Under a given set of conditions, perceived brightness is linearly related to CRT gray scale values (Wandell, 1995). For the sake of simplicity, we have presented the results in terms of the median percentage difference in the gray scale adjustments made in the two remote test areas to match the apparent brightness of the two flanking territories in the Cornsweet stimulus.
Statistical comparisons. The perceived differences in the relative brightness of the territories on either side of the Cornsweet edge were taken as the average of the two trials for each subject, expressed as medians and ranges (see Table 1). The Friedman repeated measures on ranks test, followed by a pairwise multiple comparison procedure (Student–Newman–Keuls), was used to determine the levels of significance shown in Table 1. We specifically chose the Friedman test, which is the nonparametric equivalent of the repeated measures ANOVA test, because the variance of performance among the images tested was different, and because each subject viewed multiple images.
The Cornsweet illusion
The most thoroughly studied of the several Craik–O’Brien–Cornsweet edge effects is the so-called Cornsweet illusion (Cornsweet, 1970) (see also O’Brien, 1959; Craik, 1966;Kingdom and Moulden, 1988). In this illusion (Fig.2), equiluminant territories adjoining opposing light and dark luminance gradients along a step boundary are filled in with brightness values that are different from one another, thus making it obvious that the perception of the stimulus does not accord with its actual luminances. In a standard presentation such as that in Figure 2 B, the territory adjacent to the light gradient appears brighter (lighter) than the territory adjoining the dark gradient. On average, subjects viewing this stimulus perceived a difference of 10% between the lighter and darker territories (Table1).
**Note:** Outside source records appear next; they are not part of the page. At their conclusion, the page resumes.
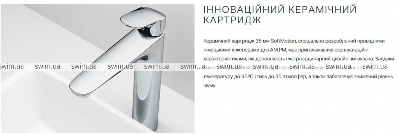 Эксклюзивная разработка: специально спроектирован для АМ.РМ керамический картридж SoftMotion 35 мм обеспечивает оптимальное регулирование температуры, а также позволяет выдерживать любые перепады давления.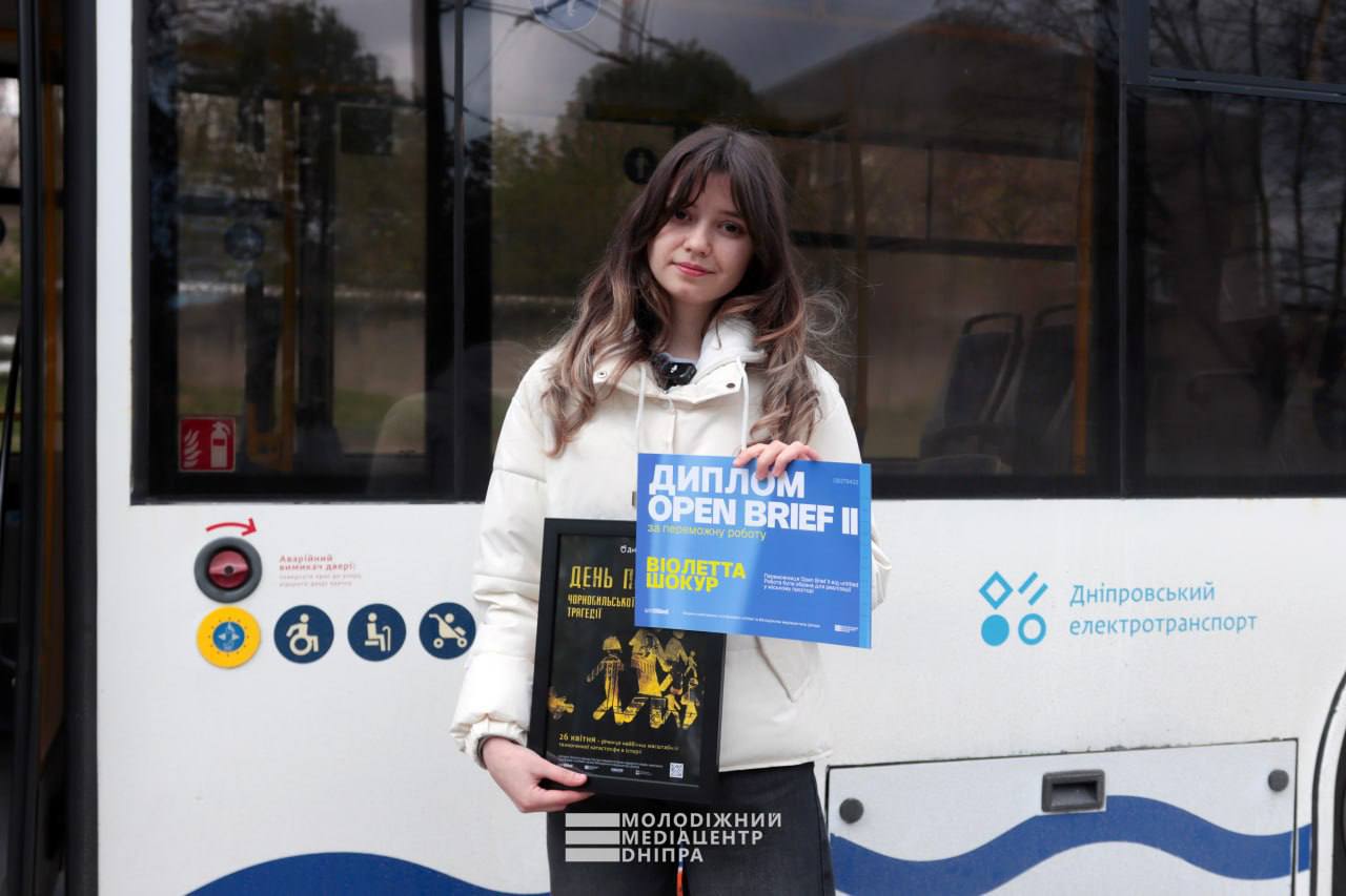 З умовами конкурсу блискуче впоралися наші талановиті майбутні дизайнерки гр. Д25 Шокур Віолетта і Мороз Ярослава й посіли призові місця. Їхні проєкти завдяки Молодіжному медіацентру Дніпра будуть реалізовані в міському просторі, і ми всі зможемо з ними ознайомитися. Своєю ідеєю візуалізації Чорнобильської катастрофи вразила журі й робота Бранціри Анастасії, яка також навчається на спеціальності «Дизайн» УМСФ.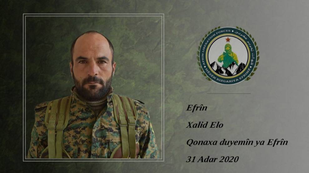 EFRÎN – Hêzên Rizgariya Efrînê (HRE) bi daxuyaniyeke nivîskî nasnameya şervanê xwe Efrîn (Xalid Elo) ku duh şehîd bûye, eşkere kir.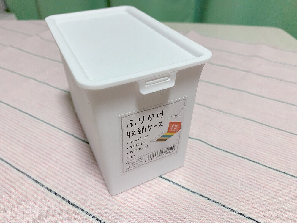 続いて紹介するのは「フタ付きふりかけ収納ケース」。収納部分のサイズは【幅7.4cm高さ10cm奥行12.5cm(約)】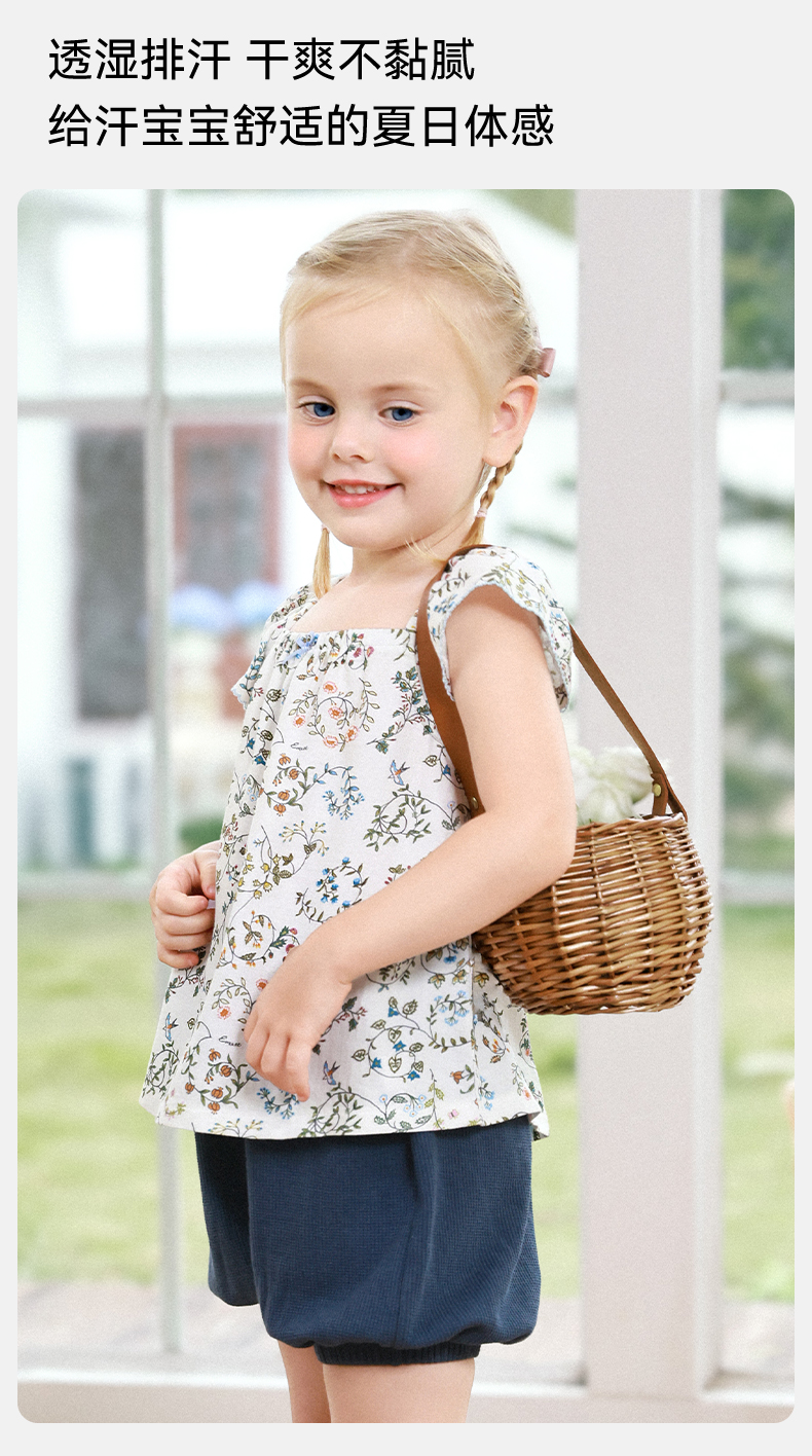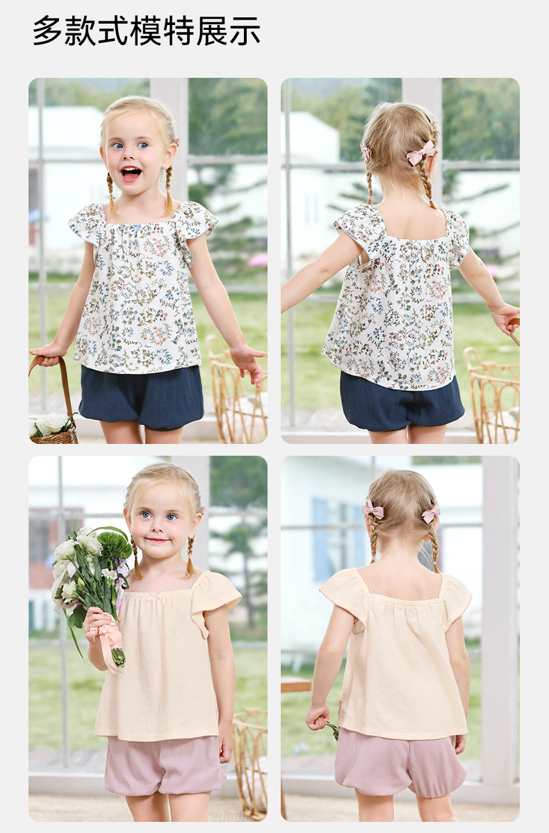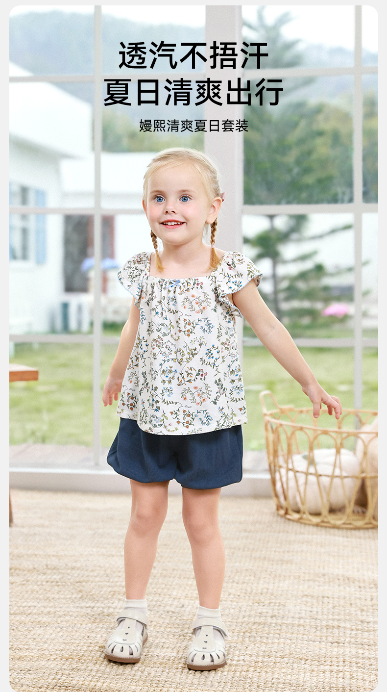 【宝宝服饰】嫚熙童装2025新款夏季儿童套装薄款女童短袖T恤女宝

Sources of luminance gradients
To understand how the Cornsweet stimulus might elicit these effects in a manner akin to the empirical generation of simultaneous brightness contrast illusions and Mach bands (Williams et al., 1998a,b; Lotto et al., 1999a,b), we first considered the possible sources of the luminance gradients that give rise to the standard illusion.
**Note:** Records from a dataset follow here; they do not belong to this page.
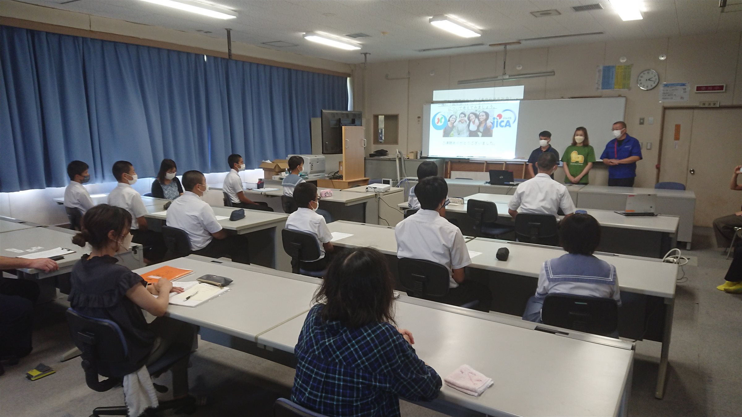 八代市の国際課とJICA九州(JICAデスク熊本)との連系にて、八代市内の各学校に訪問して、八代市国際課の取組みや、JICA海外協力隊の体験談(おしえてJICA海外協力隊)、そして技能実習生と学生との交流を行っています。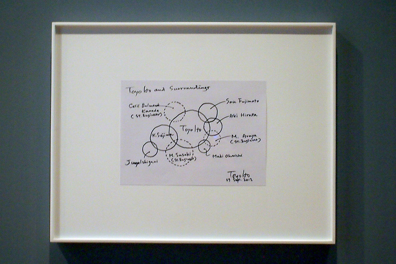 The 2012 sketch by Ito, which depicts the overlapping of the architects in the exhibition, with Ito at the center.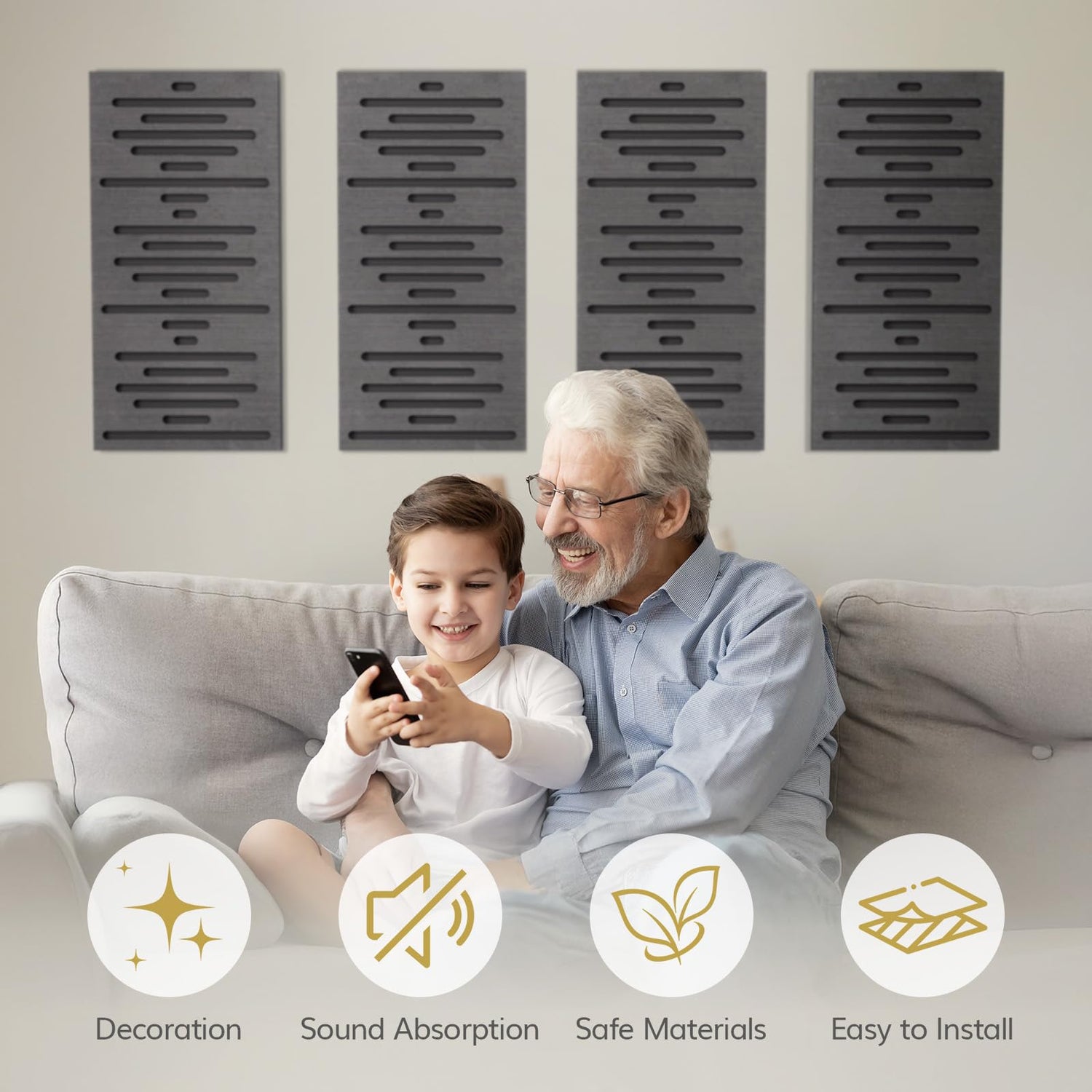 • Safe Materials: Made from high-quality wood veneer, polyester fiber, and foam, these large acoustic panels meet the E1 environmental standard with low TVOC content. Safe for people of all ages and pets, they ensure a secure environment

Luminance gradients are generated in one of two general ways: (1) from changes in the reflectance of surfaces or (2) from changes in the illumination of surfaces. Examples of luminance gradients arising from graded differences in the material properties (reflectances) of surfaces are illustrated in Figure3 A. The sources of luminance gradients arising from graded differences of surface illumination are more varied and can be generated by (1) partial occlusion of an extended light source, which results in penumbras at the edges of shadows; (2) surface curvature, which alters the intensity of light reaching the surface as a function of the angle of incidence; (3) graded transmittance of objects, which also alters the amount of light reaching the eye from the surface in question; and (4) progressive diminishment of the light that reaches a surface as a function of distance from the origin of the light (Fig.3 B). Whatever the source of a specific stimulus, a luminance gradient that arises from illumination generally signifies a variation in the amount of light reaching the eye from the object in question. As a result, the territory flanking the lighter edge of a luminance gradient based on illumination is typically more intensely lit than the territory flanking the darker edge. A luminance gradient arising from the reflectance properties of an object, on the other hand, does not imply this association, because the territories adjoining such gradients are usually illuminated to the same degree, as indicated in the examples in Figure 3 A. In short, the luminances of the territories adjoining a gradient based on illumination usually have a different significance than the territories adjoining a luminance gradient based on reflectances.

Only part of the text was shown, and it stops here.